On my way back I stopped to view the area around the Smoo Cave. I opted not to walk down to see the cave as the stairs were formidable and I am really not that into caves. Just before the caves I ran into Mary Lou who if you remember I had met on the bus to Durness. She was staying in the youth hostel and sadly due to her mobility issues she hadn't been able to get to the Spar, Balnakeil or the Craft Village. However, she still seemed to be enjoying herself so that was a good thing. This was going to be her last long trip she told me.
I wasn't sure what to do when I saw these sheep trotting along a side road but in the end I decided not to try calling anybody which is just as well. I think they were just moving from one feeding place to another on their own.
One member of the herd decided to climb a hill and have a good view so we had a staring contest. That's a regular thing I do with sheep. I usually win.
I won!!
No way! I decided not to challenge her again and carried on. By this time I was starting to feel tired. It was just past noon but I hadn't really had a "rest day" since the trip began two weeks earlier. It was also very tiring walking against the wind. So after stopping once again at the Spar for a repeat of yesterday's purchases (but a different flavour of hummus) I carried on back to my B and B. There weren't any places to eat right in the village and while there was a burger stand near the Village Hall I had passed I didn't feel like anything greasy. The Smoo Hotel supposedly was good but I never made it there as it was quite a walk. Besides, with my huge (for me) accommodation costs I just couldn't justify spending a lot on meals and I made sure I ate plenty of the yummy breakfasts at the B and B. I trudged back to the room and rested for the rest of the day. As the day before, there was no one in the lounge so I was able to watch TV, drink another mini bottle of gin and sprite and relax on the comfy sofa.
The next morning after porridge and toast (I like variety so had a different breakfast almost every morning) I headed off again.

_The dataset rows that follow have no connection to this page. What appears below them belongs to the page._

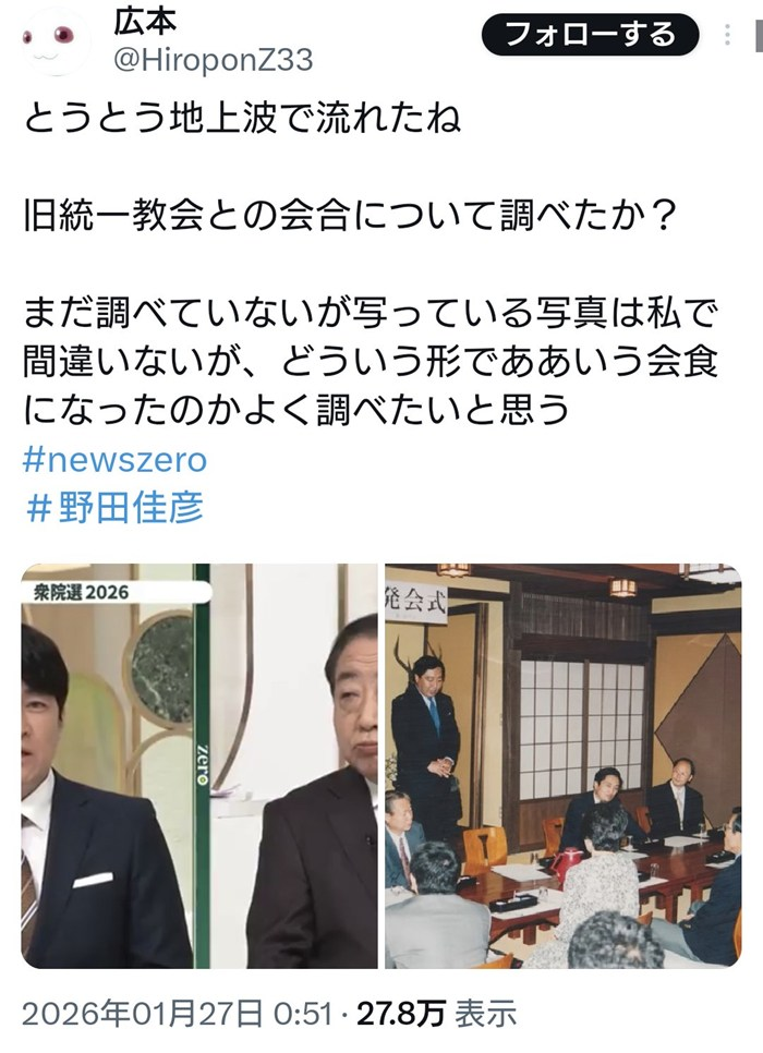 立憲・中道改革連合の野田佳彦共同代表に、旧統一教会(勝共連合)との過去の接点が直撃!流出した写真について本人が「私で間違いない」と認める事態となり、ネット上では「特大のブーメラン」と騒然になっています。これまで「壺」と他党を煽ってきた勢力の反応は…?
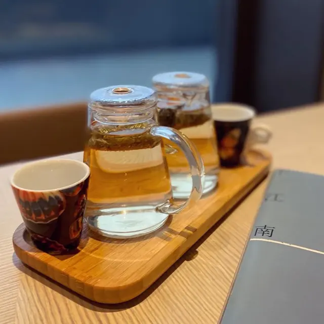 飲品容器十分精緻,龍井茶清新柔和,高山烏龍茶口感順滑更甘甜,飯後一杯配甜點,休閒又放鬆!
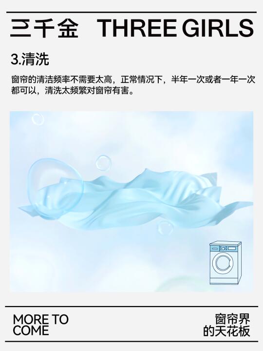 窗帘作为家庭内更换频率比较低的软装,日常的使用和保养同样需要多注意。 今天就分享一些平时我们需要注意的点: 1.褪色 尤其是西晒房的窗帘,要在窗帘的背后加一层防紫外线的镜面纱,纱+帘更能阻挡阳光直射 2.挂钩 尤其是西晒房的窗帘,害怕会褪色可以在窗帘的背后加一层防紫外线的镜面纱,纱+帘更能阻挡阳光直射 3.清洗 窗帘的清洁频率不需要太高,正常情况下,半年一次或者一年一次都可以,清洗太频繁对窗帘有害 那么今天的分享就到这里,想要了解到更多的窗帘可以移步主页查看! 三千金|窗帘界的天花板
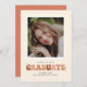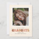 Ce faire-part de graduation amusant d'inspiration rétro présente le mot diplômé écrit quatre tons de terre. Il a de l'espace pour une photo à l'avant comme à l'arrière. L'arrière comprend également de l'espace pour plus de texte.
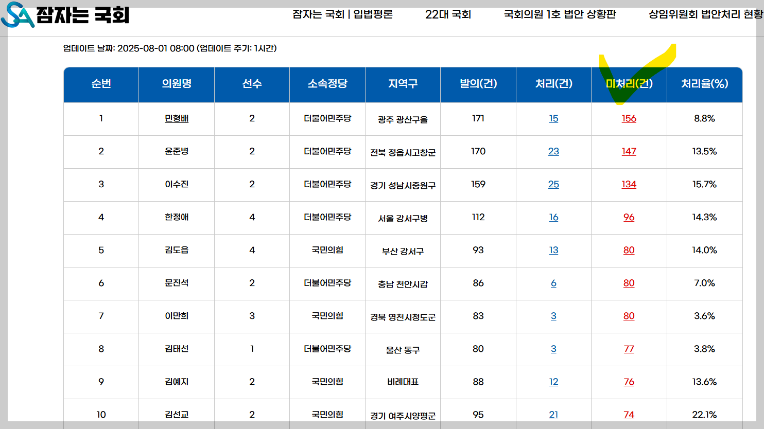 2025년 7월 말 현재 미처리법안 최다의원은 민형배(156건), 윤준병(147건), 이수진(134건) 순이다. 미처리법안이 많은 의원은 대체로 발의법안 처리율도 낮은 편이다.
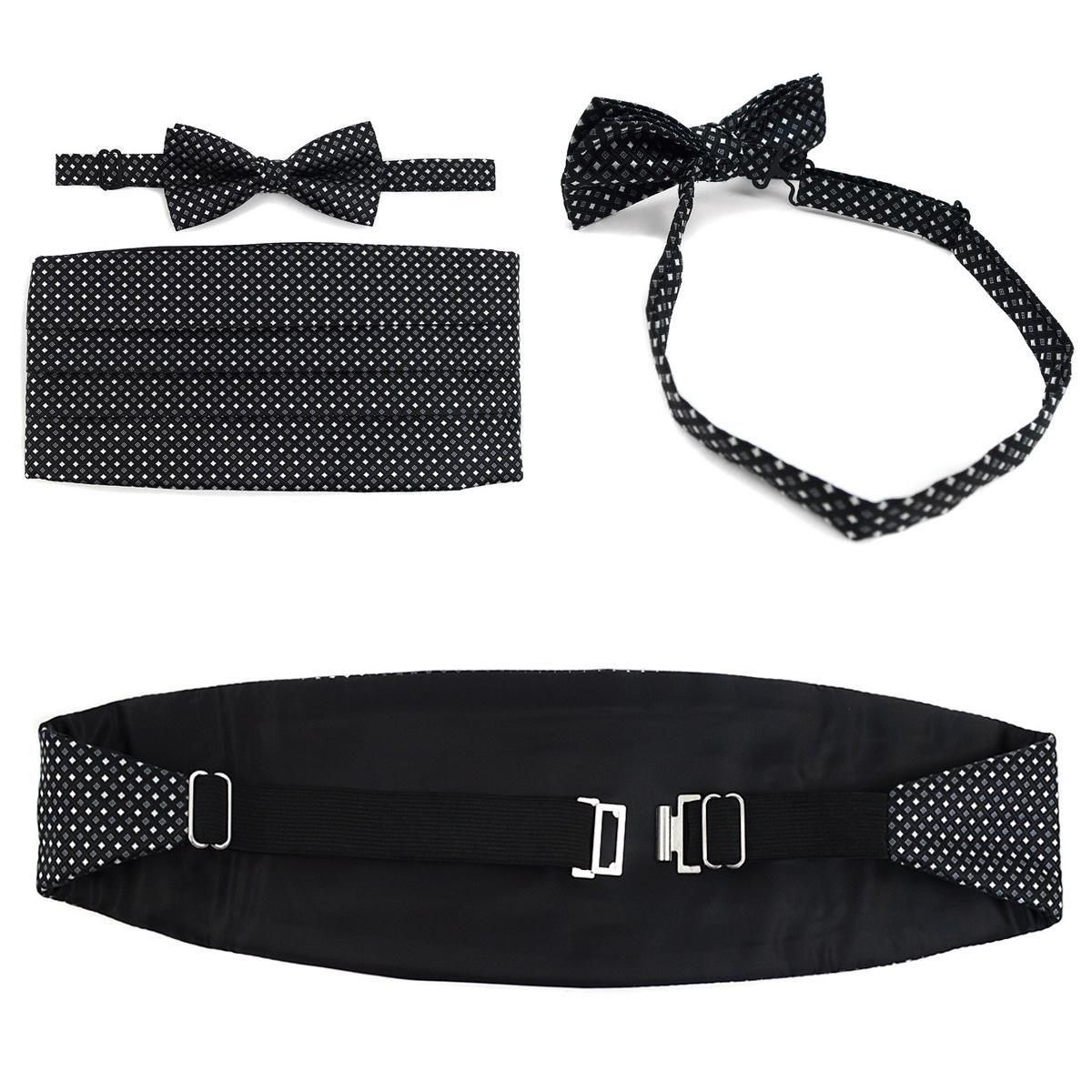 光沢の美しい本格的な黒無地のカマーバンドと蝶ネクタイのセット。

Today was rainy on and off but the wind had died down quite a bit.
This morning despite the weather I was drawn back to Sango Bay where I walked over to the viewpoint that I had missed going to the other day.

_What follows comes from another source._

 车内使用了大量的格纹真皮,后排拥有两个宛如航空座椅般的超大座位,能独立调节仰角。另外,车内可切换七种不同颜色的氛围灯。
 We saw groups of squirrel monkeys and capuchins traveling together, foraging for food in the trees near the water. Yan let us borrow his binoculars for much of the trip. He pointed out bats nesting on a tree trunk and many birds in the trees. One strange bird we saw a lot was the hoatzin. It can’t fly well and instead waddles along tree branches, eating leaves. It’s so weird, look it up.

I was feeling rested and quite chipper from my rest the day before so I walked on past the turn back to the B and B towards Balnakeil. I came to a path on my right that called out to me so I followed it for a while.

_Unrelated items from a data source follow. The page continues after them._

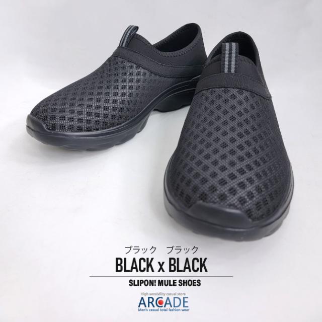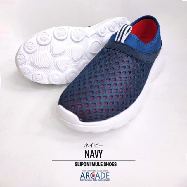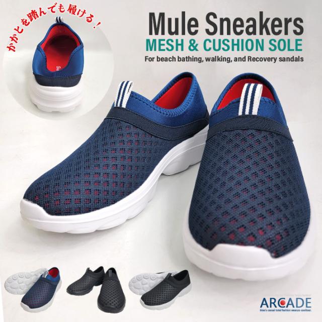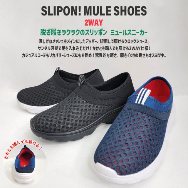 スリッポン ミュールスニーカー メンズ ミュールシューズ クロッグシューズ 無地 メッシュ クッションソール 靴 メンズ靴 リカバリーサンダル かかとを踏んでも履ける2WAY
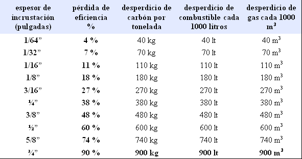 de agua como en maquinarias incrustadas en condiciones normales se advierte una proporción ampliamente
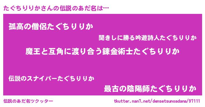 | 女子向けラノベタイトル風あだ名 | 『たぐちりりか恋絵巻』 |
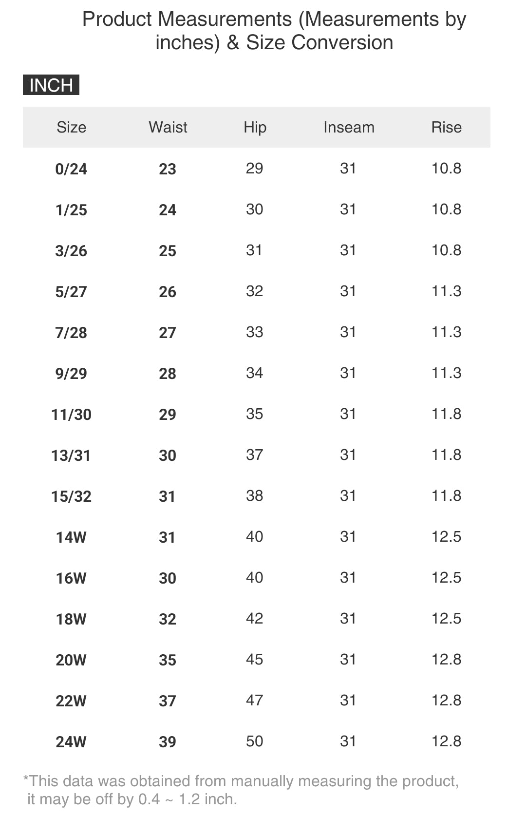 | Size | Waist | Hip | Inseam | Rise |

Okay, I beat the one on the right but I had to give up with the one on the left and give her the win. I won't even tell you how many pictures I have of these two staring at me.
In the meantime, the "doors" came off a couple of the houses on my travels and no, I still haven't put it up.
This is her shop with living quarters beside it. It was the perfect kind of day to browse and that I did.
The next morning I opted for the full Scottish breakfast again (hold the beans) as I had a big day of travel ahead of me.
Then time to say goodbye and walk in the drizzle to wait for the number 803 Durness bus (once a week only!) to Thurso to catch my ferry to Orkney.